А у него полярная ночь. Ни рассветов, ни закатов. Зато есть северное сияние. Наверно, очень красиво. Ещё есть фьорды. Горы. Море. И холодное лето. И он тоже не жалует зиму. А может быть и врёт. Но стихи стали такими, хоть ложись и помирай. «Зима моя ранимая…» С первой строчки влюбилась в этот стих. Ничего в нём особенного нет. Но внутри всё переворачивается, сжимается, тянет… «пугало души» – контрольный в голову. У него много, да почти все стихи его – разговор, диалог, а точнее, монолог с собой или с богом. Хотя, он называет себя богом, а значит, беседует с собой. Во как.
Чувствую, как во мне что-то меняется. В стихах сплошная чернота. Безысходность. Отторжение этого мира. Сожаление о прошлом. О том, чего не было и быть не могло в принципе. Но что мне какие-то там принципы? Мой виртуальный мир рушится. Меняется до неузнаваемости. Сливается с реальностью серой, лживой, страшной.
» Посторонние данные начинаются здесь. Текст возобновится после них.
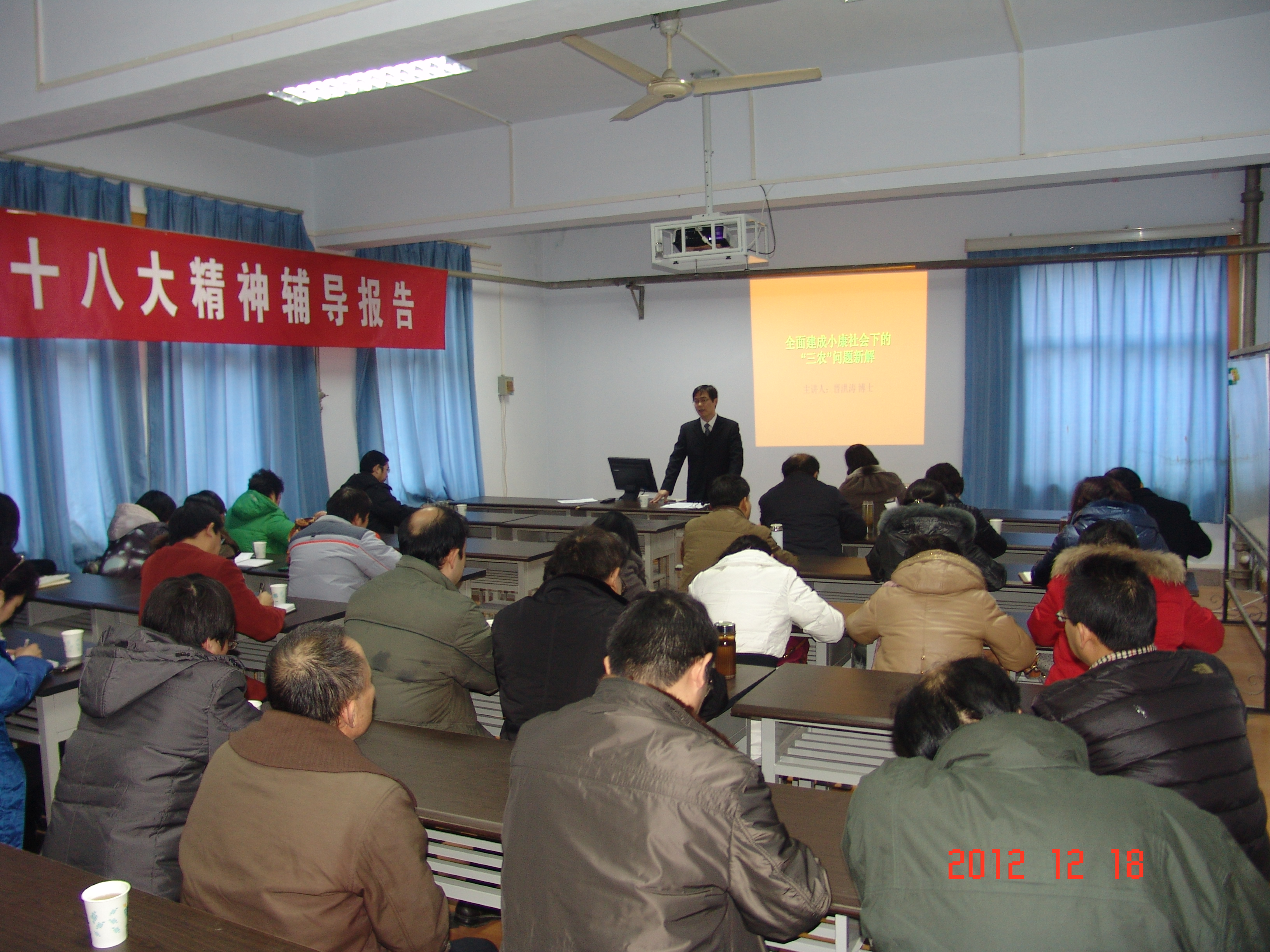 晋洪涛博士代表校宣讲团对党的十八大的新思想、新观点、新要求作了详细的阐释,尤其是与我校结合紧密的“三农”问题,特别提出“三农”问题是全面建成小康社会的重点和难点。晋洪涛博士指出作为亚洲色吧 的一分子,我们有责任与义务承担起振兴农业、发展农业的重任,我们应该把知识扎根于农业、农村、农民,进一步领悟党的十八大会议精神,全心全意为人民服务。

Мы всё реже переписываемся. Почти не пишем откликов на стихи друг друга. Тишина звенящая. Но по-прежнему пишем много. Почти не сплю. На работе словно муха сонная. Под глазами синяки, постоянно хочу спать. После работы, если едем в командировку, в гостинице предпочитаю спать. Посиделки с коньяком в прошлом. Шеф смотрит на меня, как кот мартовский на кошку. У меня никого нет. Но никого и не хочется. «Я умею любить стихами…» Смешно… Но и вправду умею…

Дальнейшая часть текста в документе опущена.